On the other hand, we are also subtly brainwashed that there’s nothing like the old. What a lovely old home! This usually means that the authentic hardwood floors creak, the heating bills are $800 a month because there is no insulation, and the appliances constantly explode because the wiring was done by a 1920s carnie who was between jobs.
The first Star Wars was retroactively subtitled “A New Hope.” What was wrong with the old hope? Why did they have to come up with a new one? Could it be that if the rebels had stuck to the old hope then perhaps Darth Vader wouldn’t have been able to manipulate their force-flexible ever-changing minds so easily? I’m just saying.
There is the new beginning of a new year. Well, what exactly is wrong with the old stuff? A new year for some means a fresh start, a way to wash out the egregious mistakes of the past year and start with a clean slate, to devise and execute a plethora of newly minted mistakes.

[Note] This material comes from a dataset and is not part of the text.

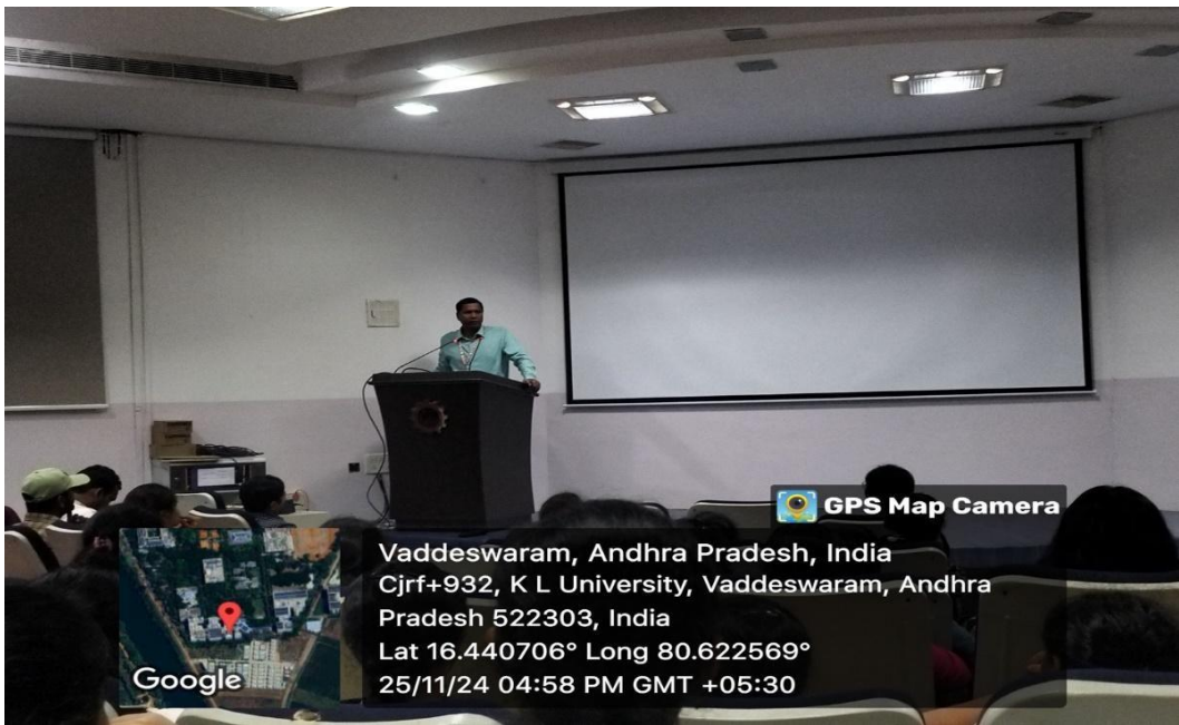
Speech by KRS PRASD Sir

Then there is New England. Are you going to sit there and tell me that New England is better than Old England? I’ve been to both and it’s no contest. I will take fish and chips so oily you could get the current administration to drill in them over thick and creamy (this also describes many cabinet members in the aforementioned administration) clam chowder, which is also very tasty but, and this is the deal breaker, does not come wrapped in The Daily Telegraph.

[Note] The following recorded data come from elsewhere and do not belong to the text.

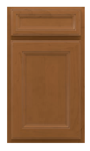
JORDAN 5-PIECE @© nectar
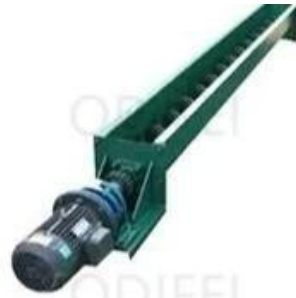
U type screw conveyor
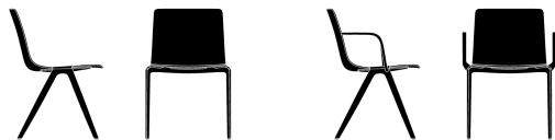
PLASTIC SHELL/ALUMINIUM FRAME
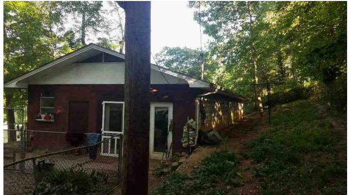
502b Miller Rd Side/Rear
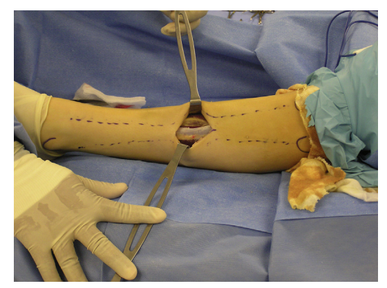
Fig. 12. Completed anterior and lateral fasciotomy.
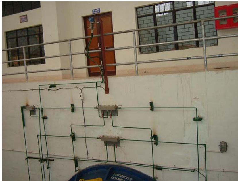
Figure 4: Differential pressure transducer installed for relative discharge measurement for the index test
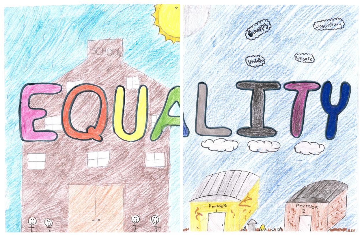
Click here to view a larger image
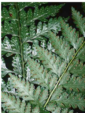
116 Saccoloma PTERIDOPHYTA

I haven’t been to the UK in a while; it does make me wonder if fish and chips are now wrapped in Instagrams.
But I digress.
I write this listening to the newly remastered Sgt. Pepper’s Lonely Heart’s Club Band, rightly considered by many honorable people as the greatest album of all time. Yet, even though I am reveling in the sonic boldness of this beautifully remastered version, a little (old) part of me longs for the skips, hisses and crackles of my vinyl LP version.
And you knew this was coming: I have only to write two fateful words to make an iron clad argument that new does not always mean better: New Coke. To say any more would be to beat the proverbial dead horse.
I find the arbitrary notion of January 1 being the beginning of all things new just a tad arrogant, therefore I am making no adjustments to my life and/or behavior until March 23, when I will dutifully make a list of old year’s resolutions. Things I have already accomplished, of course, making success pretty much a given.
We also have a new president, but can anyone make a compelling, or even coherent, case that this new version is an improvement on the old one?
And what of new potatoes? Where do they get off calling themselves new anyway? They’ve been around for hundreds of years and the temerity to imply that these little newfangled potatoes are any better than the old ones? The ones that fought along side our ancestors at Saratoga, at Gettysburg, at McDonald’s? What has happened to the starch of today?
Even the word “new” itself has stumbled into a quagmire — add an “s” and you have “news,” but is that news new news, old news, or fake news? And shouldn’t fake news be an oxymoron? Or are oxymorons merely the people who use the phrase “fake news?”
In any case, remember March 23 is just around the corner-ish, so make your old year’s resolutions, like completing the Atkins Diet, starting those Jazzaerobics classes and investing heavily in Netscape.
And let us all remember that new isn’t always as new as new would have you think. In the immortal words of Pete Townshend, “Meet the new boss. Same as the old boss.”